Technical Analysis: Sterling is below 1.3100

Sterling is trading in a tight range and remains vulnerable near the round-level resistance at 1.3100 against the US dollar. GBP/USD is at a rally or break point as it hovers near the trend line drawn from the 28 December 2023 high of 1.2828. On August 21, the Cable offered a sudden upward move after a break of the aforementioned trend line. The pair found an intermediate cushion near the 20-day exponential moving average (EMA), which is trading around 1.3075.

The 14-day Relative Strength Index (RSI) is falling in the 40.00-60.00 range, suggesting that the bullish momentum is over for now. However, the optimistic trend remains intact.

Looking to the upside, the cable will face resistance near the round-level resistance of 1.3200 and the psychological level of 1.3500. On the downside, the psychological level of 1.3000 appears as crucial support for the GBP bulls.

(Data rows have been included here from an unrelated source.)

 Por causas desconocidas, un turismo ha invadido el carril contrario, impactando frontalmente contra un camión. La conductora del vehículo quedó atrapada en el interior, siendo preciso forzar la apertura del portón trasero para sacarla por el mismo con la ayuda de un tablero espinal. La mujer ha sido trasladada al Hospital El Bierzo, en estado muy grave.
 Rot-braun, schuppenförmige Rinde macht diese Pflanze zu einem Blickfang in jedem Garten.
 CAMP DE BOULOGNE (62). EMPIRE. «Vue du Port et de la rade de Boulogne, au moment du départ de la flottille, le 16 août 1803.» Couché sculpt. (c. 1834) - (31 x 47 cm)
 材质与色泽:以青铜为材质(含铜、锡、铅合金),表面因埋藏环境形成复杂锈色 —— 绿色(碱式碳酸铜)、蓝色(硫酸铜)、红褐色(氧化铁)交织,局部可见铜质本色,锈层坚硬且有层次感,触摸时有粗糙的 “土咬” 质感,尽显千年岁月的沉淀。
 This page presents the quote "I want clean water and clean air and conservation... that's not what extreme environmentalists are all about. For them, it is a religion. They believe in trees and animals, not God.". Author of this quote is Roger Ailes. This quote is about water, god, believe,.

Frequently Asked Questions for Pounds Sterling

The pound sterling (GBP) is the oldest currency in the world (886 AD) and the official currency of the United Kingdom. It is the fourth most traded foreign exchange (FX) unit in the world, accounting for 12% of all trades, averaging $630 billion per day as of 2022. Its key trading pairs are GBP/USD, aka “Cable”, which represents 11% of FX, GBP/JPY or “The Dragon” as it is known to traders (3%) and EUR/GBP (2%) . The pound sterling is issued by the Bank of England (BoE).

The most important factor influencing the value of the pound sterling is the monetary policy decided by the Bank of England. The BoE bases its decisions on whether it has achieved its main objective of “price stability” – a steady inflation rate of around 2%. Its main tool to achieve this is the adjustment of interest rates. When inflation is too high, the BoE will try to control it by raising interest rates, making it more expensive for people and businesses to access credit. This is generally positive for GBP as higher interest rates make the UK a more attractive place for global investors to park their money. When inflation falls too low, it is a sign that economic growth is slowing. In this scenario, the BoE will consider lowering interest rates to reduce credit so that companies borrow more to invest in growth-generating projects.

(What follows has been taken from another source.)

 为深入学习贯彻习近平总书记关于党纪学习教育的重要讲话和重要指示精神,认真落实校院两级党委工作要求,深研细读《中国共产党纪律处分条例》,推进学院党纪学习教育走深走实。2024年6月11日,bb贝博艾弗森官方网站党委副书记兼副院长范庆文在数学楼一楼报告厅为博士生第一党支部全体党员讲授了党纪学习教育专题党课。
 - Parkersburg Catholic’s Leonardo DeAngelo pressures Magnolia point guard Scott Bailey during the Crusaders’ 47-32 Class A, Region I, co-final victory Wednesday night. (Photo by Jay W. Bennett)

Data releases measure the health of the economy and can affect the value of the pound. Indicators such as GDP, manufacturing and services PMI and employment can all influence the direction of the GBP. A strong economy is good for Sterling. Not only does it attract more foreign investment, it may encourage the BoE to raise interest rates, which will directly strengthen the GBP. Otherwise, if the economic data is weak, the pound is likely to fall.

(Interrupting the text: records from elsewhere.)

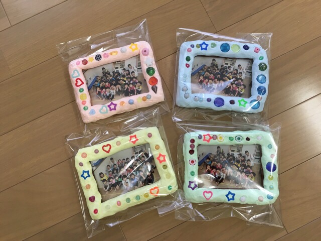 粘土で作ったフォトフレーム。中にはみんなの写真を入れてお渡ししました。
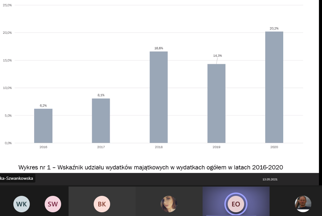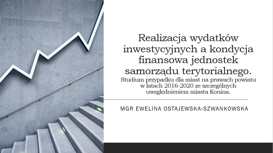 Ewelina Ostajewska-Szwankowska, wykładowca PWSZ w Koninie i inspektor w Wydziale Kontroli Urzędu Miejskiego w Koninie, wystąpiła z referatem „Realizacja wydatków inwestycyjnych a kondycja finansowa jednostek samorządu terytorialnego w latach 2016-2020”. Przedstawiła w niej analizę ex post wydatków miast na prawach powiatu ze szczególnym uwzględnieniem Konina. Wyniki jej badań wykazały, że miasto ma coraz mniejszą zdolność do samodzielnego finansowania własnych inwestycji. Oznacza to konieczność zaciągania zobowiązań, czego potwierdzeniem jest sukcesywny wzrost wskaźnika długu ogółem na jednego mieszkańca.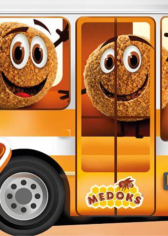 Obal Medoksíků jsme už minulosti zpracovávali. Vzhledem k hravému pojetí samotných Medoksíků jsme si řekli, že by vyžadoval i méně konzervativní design obalu. Proto jsme společně s vedením firmy vymysleli zcela nový formát balení – Medoksíkový autobus! Ten jsme v našem studiu ručně nakreslili a poté převedli do digitální podoby. Nový obal tak více cílí na děti a svým vizuálním pojetím je daleko veselejší než jeho předchůdce, který se drží ostřílené řady produktů Medoks.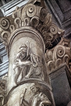 Ausschnitt, Nordwestecke: gemalte Säule mit Relief (David

Another significant release of data for the pound is the trade balance. This indicator measures the difference between what a country earns from its exports and what it spends on imports in a given period. If a country produces highly sought-after exports, its currency will only benefit from the additional demand created by foreign buyers looking to purchase these goods. Therefore, a positive net trade balance strengthens a currency and vice versa for a negative balance.